January 23, 2009
Employee Theft Multiplies When the Economy Nosedives!
Employees are currently facing the most serious economic hardship of their lifetime. After years of easy credit and treating ourselves to lifestyles that were better than we could afford, Americans are facing significant financial pressures. When faced with this type of dire situation, and given the opportunity, many will steal from their employer to provide their needs.
The driving force behind almost all employee theft is “pressure”. This is usually a result of financial pressures from living beyond ones means and creating huge personal debts. This can be a result of high medical bills or personal financial losses or a vice – gambling, drugs, alcohol, or extra marital affairs. With today’s serious economic situation, the financial pressures on many of our employees are so strong and so real that they force employees to do many things that they would not ordinarily do.
Even though financial pressures might lead an employee to steal from his or her employer, the theft can only occur if the employee has the “opportunity” to steal. This perceived opportunity to steal without being caught must be present in order for most employees to act on the pressures they are feeling.
Many factors can provide an employee the opportunity to steal but the primary one is the lack of effective internal controls or “checks and balances” in the company’s accounting procedures.
The ways employees can steal are only limited by their imagination and the opportunities present. Payroll fraud – padded hours, fictitious employees or unauthorized pay rates or bonuses – is very easy for many payroll department employees. Charging personal expenses on credit cards, obtaining false refunds, selling inventory on eBay or writing unauthorized checks are other common methods of employee theft.
An Association of Certified Fraud Examiners 2007 study of employee theft across the United States showed that 60% of employee thefts totaled more than $100,000. It also noted that 73% of employee thefts result from employees having financial difficulties and another 17% were a direct result of divorce or family problems. These types of family issues multiply as families are stressed by financial problems.
There are many “red flags” that an employer can watch for as indication that there may be a problem.
Warning signs of potential theft include:
· Extreme changes in lifestyle such as a flashy new car, expensive clothes or jewelry, a new motorcycle or a new boat.
· Unusual employee behavior changes such as being more irritable or seeming nervous all the time; being unable to look people in the eyes or increased drinking, drug abuse or gambling.
· Complaints from customers about an employee or about problems with their accounts.
· Missing or incomplete documentation such as bank reconciliations not being performed.
· An employee that never takes time off, works excessive overtime or is overly protective of their work.
· An employee that has an unusually close association with a supplier or customer.
· Employees with divorce or family problems or other troubling life circumstances.
The list is endless but you must be careful – these are just indicators and are not proof of fraudulent activity. If a red flag occurs, you must thoroughly investigate before any allegations can be made.
Eliminating, or at least decreasing, the opportunity to steal is the best and most inexpensive method to deter employee theft. You accomplish this by having a good system of internal controls over your cash receipts, accounts receivable, payroll and cash disbursements functions. It is far cheaper to prevent fraud than it is to suffer a loss.
Small business owners often believe that they are too small to have a reasonable set of checks and balances over their transactions. That is simply not the case – even the smallest of businesses can institute a good system of controls at very little cost. Such simple procedures as the owner looking at the detailed support for all checks, signing all checks and receiving the monthly bank statement direct from the bank can be very effective deterrents to employee theft.
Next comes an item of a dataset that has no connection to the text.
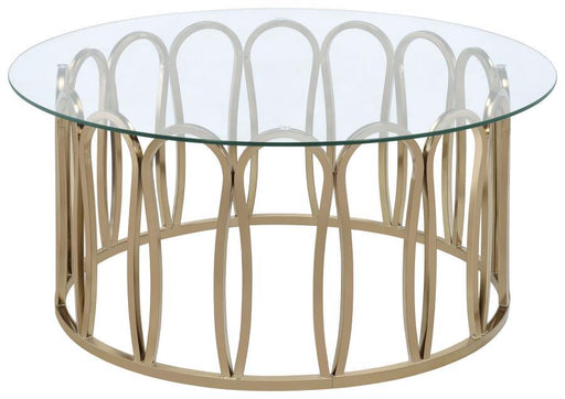 This round table features a clear tempered glass top supported by a durable metal frame. The base is finished in a striking electroplated chocolate...

A “must do” for an employer who catches an employee stealing is to prosecute that employee – otherwise you just turn him/her back into the community to be hired by another business and steal again. The failure to prosecute also shows your employees that they can steal from you without fear of the public humiliation and embarrassment to their family.
What should you do if you suspect employee theft or fraud? Contact an experienced forensic accountant to investigate the allegations, document the theft and prepare a report to provide to your insurance company or the authorities. Most law enforcement authorities do not have the budget to investigate all employee thefts so businesses often use an experienced forensic accountant, such as a Certified Fraud Examiner, to do the investigation for law enforcement in order to get the theft prosecuted.
A final thought about the cost of employee theft – if your business has a 20% profit margin on your revenue stream and an employee steals $50,000 from you, you must provide an additional $250,000 of revenue to offset the $50,000 theft.
What can you do? Set a “tone at the top” management example, communicate expectations to employees, create a culture of honesty and integrity, and keep your eyes open to changes in your employees’ lifestyles. If a problem is suspected contact a professional as soon as possible.